Media: glazed white earthenware - cast from the artist’s feet – and mixed media

Size: 300 x 250 x 180mm

 

Exhibited:

2013 – Unruly Objects (one-person exhibition), Cornerstone Gallery and Arts Centre, Didcot, Oxfordshire.

2008 – Locations (one-person exhibition), OVADA, Oxford. 

1999/2000 – New Art, New Century (group exhibition), Potteries Museum and Art Gallery, Stoke-on-Trent. 

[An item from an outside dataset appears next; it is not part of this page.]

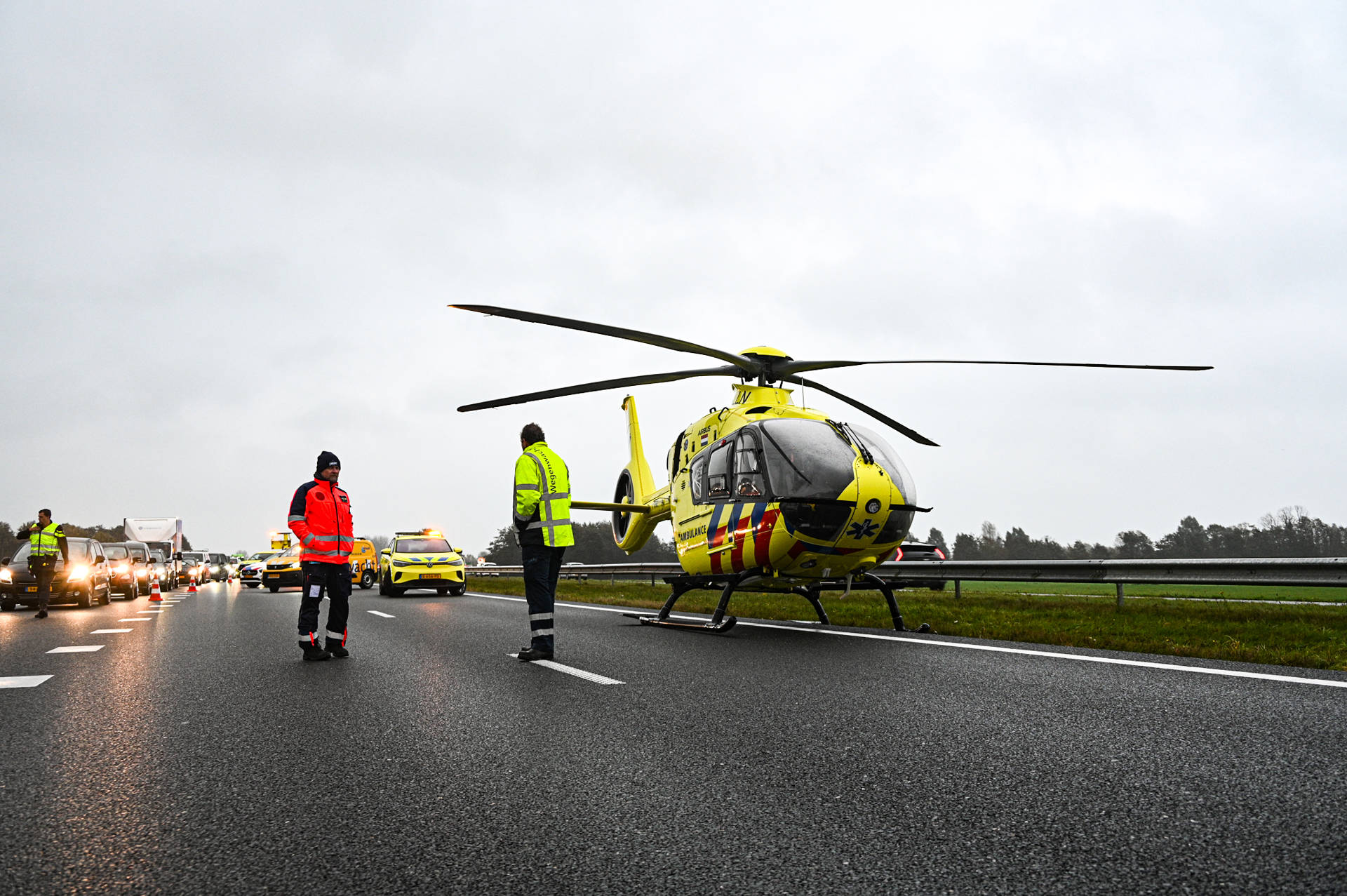 De A7 in de richting van Drachten is voorlopig afgesloten. Over de aard van de verwondingen is nog niets bekend. De oorzaak van het ongeval wordt onderzocht.

1999 – Taking Stock (one-person exhibition), Keele University Art Gallery.

About this work:

The fragile yet vitreous materiality of ceramic is utilised in Brierley’s Vanitas and Wannabe. Though separate works, they have always been exhibited together as informal inter-dependants where the personal is explored through multiple identifiers of the female body, domestic space, the complexities of family relationships and social expectations. Both artworks are made from slip cast glazed white earthenware. Wannabe, was cast from my own feet and produced from the same materials as Brierley’s Vanitas using the same method. There is nothing remarkable about my feet, although in this work I utilised material properties to explore ideas of maternal aspiration and displaced ambition. As a child, I attended ballet lessons to satisfy my mother’s desire. I disliked the experience and eventually persuaded her to allow me to quit, which I know was a disappointment. This memory re-iterated the pressure to ‘fit in’ to a mother’s ambition and more widely to societal expectations of what little girls should enjoy, want and do. In adult life, I acquired a second-hand pair of size 4 ballet shoes, which kindled an interest in re-visiting the memory of my ‘failed’ ballet career. However, although they were two sizes too small for my size 6 feet, in the development of Wannabe, I seized an opportunity. When fired, all ceramic objects shrink. In the case of white earthenware the shrinkage is around 15%. Because the objects were actual size copies of my adult feet, the firing process caused the cast feet to reduce in size. Consequently the size 4 ballet shoes now fitted prompting a sense that in some way my mother’s ambition could be realised—albeit as a relic to a ballerina that never was. Wannabe as a shrunken version of human feet acted as a counterpoint to the evidential deformities caused by squeezing into impractical footwear demonstrated by Brierley’s Vanitas.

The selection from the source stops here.